Bonjour
Un deuxième dîner nocturne, comme pour mon fils, ou les plus traditionnels “encore un pipi !”, “encore un bisou !”, “encore à boire !” : qui n’a pas reçu ce genre de sollicitations le soir au coucher? Ou en journée lors de la sieste ?
Que l’on soit ou pas en cododo (sommeil partagé avec l’enfant), il arrive un moment où on est sollicités +++.
Il y a alors deux cas de figures distincts :
- Soit le coucher est imposé à l’enfant, selon un horaire
- Soit le coucher est proposé à l’enfant du fait de ses signaux de sommeils
Dans le premier cas, il y a donc une forte probabilité qu’on soit dans la situation que j’ ai expliquée lors d’un précédent numéro (si vous ne l’avez pas lu c’est par ici) : l’enfant n’est pas écouté au niveau de ses besoins et c’est une façon qu’il a de le signaler. Il lutte contre le sommeil imposé tout simplement.
La “solution” consiste donc à respecter son cycle biologique.

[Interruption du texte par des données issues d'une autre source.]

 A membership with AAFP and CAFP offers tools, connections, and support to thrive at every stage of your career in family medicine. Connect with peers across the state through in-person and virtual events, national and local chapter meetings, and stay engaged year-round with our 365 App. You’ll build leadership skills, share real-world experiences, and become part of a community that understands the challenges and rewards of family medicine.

Si le besoin de sommeil est respecté, c’est alors deux sous cas qui peuvent se produire :
- l’enfant lutte contre son sommeil en donnant la priorité à un autre de ses besoins non rempli
- l’enfant est en train de vivre un changement de rythme circadien.
Dans le cas de la lutte pour signaler ou tenter de répondre à un besoin, la clef de l’apaisement réside dans le fait d’identifier ce besoin et d’y répondre.

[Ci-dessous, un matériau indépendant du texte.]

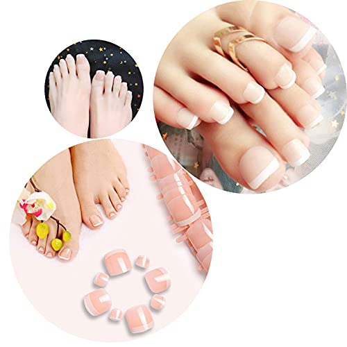LIARTY 28Pcs French Pretend Toe Nail Equipment, Acrylic Quick Full Cowl False Nail Ideas (Pure)

La plupart des adultes ne le font pas car ils ont décidé que le sommeil était plus important, or l’enfant utilise beaucoup d’énergie pour montrer que sa hiérarchie des besoins à lui est différente.
Comme je l’ai déjà dit : aucun enfant ne se laisse mourir d’épuisement ou ne compromet sa santé et son développement en luttant contre le sommeil. S’il le fait, c’est dans des situations traumatiques et qu’il y a donc des besoins plus vitaux qui ne sont pas remplis, conclusion : dans tous les cas il vaut mieux s’y pencher.
Les besoins les plus courants que les enfants cherchent à remplir au moment de dormir :
- Se rassurer/sentir en sécurité
- Créer du lien
- Jouer
Voyons en détail chacun de ces besoins.
1/ se rassurer sentir en sécurité.
Il y a beaucoup de choses qui peuvent créer un sentiment d’insécurité au moment de dormir : l’obscurité, des formes inquiétantes, des bruits inconnus, des changements dans le quotidien qui créent des angoisses et sont ressenties la nuit …
La présence de l’adulte, figure d’attachement, pour l’endormissement et même la nuit est ce qui rassure. Dormir en tribu avec ses semblables pour éviter de mourir dévoré par des prédateurs la nuit est inscrit dans notre cerveau reptilien depuis des millénaires et ce ne sont pas quelques décennies de psychanalyse qui ont poussé les enfants hors du lit familial qui vont changer notre programme interne.
Les enfants se rassurent naturellement avec notre présence dans leur sommeil : cela est inscrit dans notre biologie.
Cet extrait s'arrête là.